_YOUR TASK_
Repeat only the lines from the one that contains "Chlorophyll plays a" through the final line of the listing below, exactly, please, without pictures.

_MATERIAL PROVIDED_
=== Section Start ===
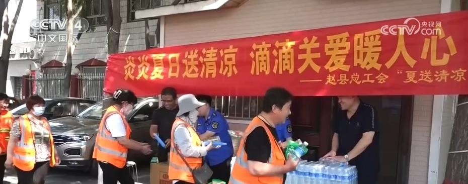 北京、河北、山東等地組織多批次“送清涼”“送健康”活動(dòng)。在服務(wù)驛站配備飲用水、藿香正氣水等防暑降溫物資,方便外賣(mài)小哥、外來(lái)游客、一線環(huán)衛(wèi)工人等避暑納涼。
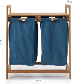 Lumaland Wäschekorb Aus Bambus, Mit 2 Ausziehbaren Wäschesäcken, Ca. 73 X 64 X 33 Cm Blau
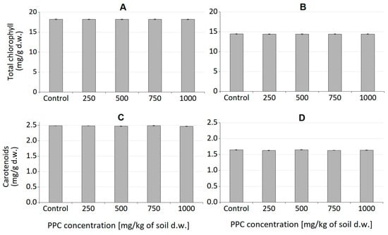 Chlorophyll plays a crucial role in photosynthesis and supports plant growth, and, together with carotenoids, it is a sensitive indicator of the damaging impact of various biotic and abiotic stresses on leaf function and health [,]. Analysis of the level of assimilation dyes treated with PPC in the soil did not show a significant effect, regardless of the concentration introduced into the soil. Both chlorophyll and carotenoids remained at levels comparable to those of control plants. This means that this polymer does not negatively affect plant photosynthetic pigments. The obtained results coincide with the phytotoxicological study of PLA films, which we already reported []. Plant growth tests performed with cress (Lepidium sativum) and barley (Hordeum vulgare) confirmed that PLA and its degradation products were completely non-toxic to the tested plants. The same is true for natural polyhydroxybutyrate and its atactic and amorphous analogue, amorphPHB. With this respect, PPC can be successfully used for agricultural and agrochemical purposes. Obviously, more comprehensive studies are still required; however, for the first time, according to our knowledge, a phytotoxicological study of PPC was conducted.
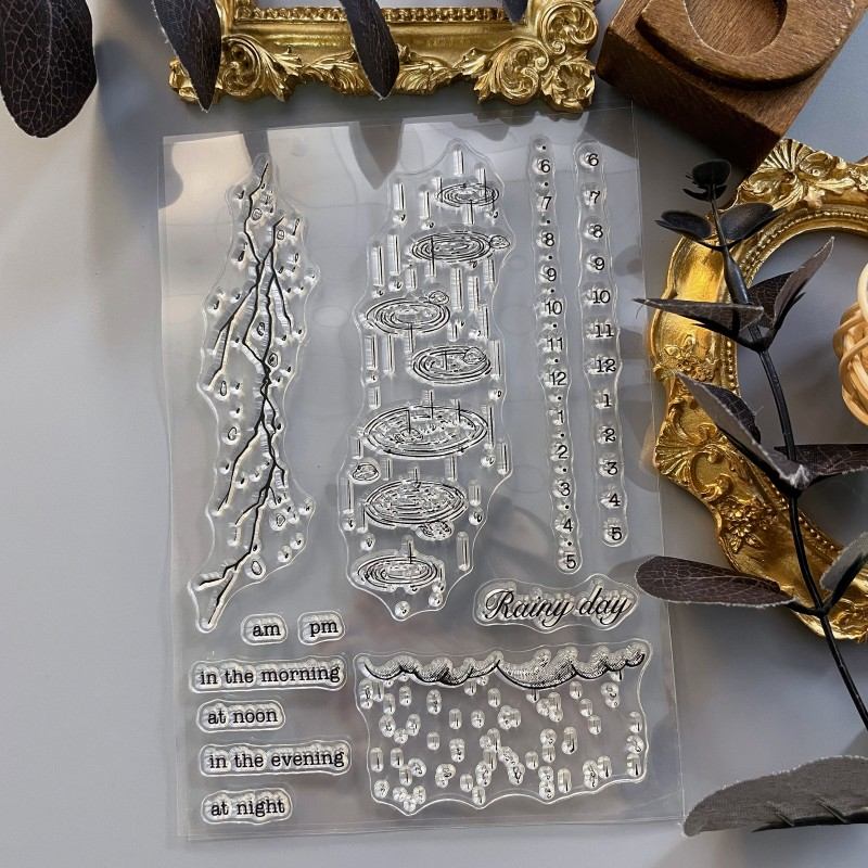 Description: <rain timeline> clear stamp is a perfect design for art journal, vintage journal, junk journal or any scrapbooks and crafts. Come in different shapes and sizes, allowing you to mix&match. Apply them to a stamping block to instantly add color to scrapbooks, letters, cards, and more!
=== Section End ===
_TASK ANSWER_
 Chlorophyll plays a crucial role in photosynthesis and supports plant growth, and, together with carotenoids, it is a sensitive indicator of the damaging impact of various biotic and abiotic stresses on leaf function and health [,]. Analysis of the level of assimilation dyes treated with PPC in the soil did not show a significant effect, regardless of the concentration introduced into the soil. Both chlorophyll and carotenoids remained at levels comparable to those of control plants. This means that this polymer does not negatively affect plant photosynthetic pigments. The obtained results coincide with the phytotoxicological study of PLA films, which we already reported []. Plant growth tests performed with cress (Lepidium sativum) and barley (Hordeum vulgare) confirmed that PLA and its degradation products were completely non-toxic to the tested plants. The same is true for natural polyhydroxybutyrate and its atactic and amorphous analogue, amorphPHB. With this respect, PPC can be successfully used for agricultural and agrochemical purposes. Obviously, more comprehensive studies are still required; however, for the first time, according to our knowledge, a phytotoxicological study of PPC was conducted.
 Description: <rain timeline> clear stamp is a perfect design for art journal, vintage journal, junk journal or any scrapbooks and crafts. Come in different shapes and sizes, allowing you to mix&match. Apply them to a stamping block to instantly add color to scrapbooks, letters, cards, and more!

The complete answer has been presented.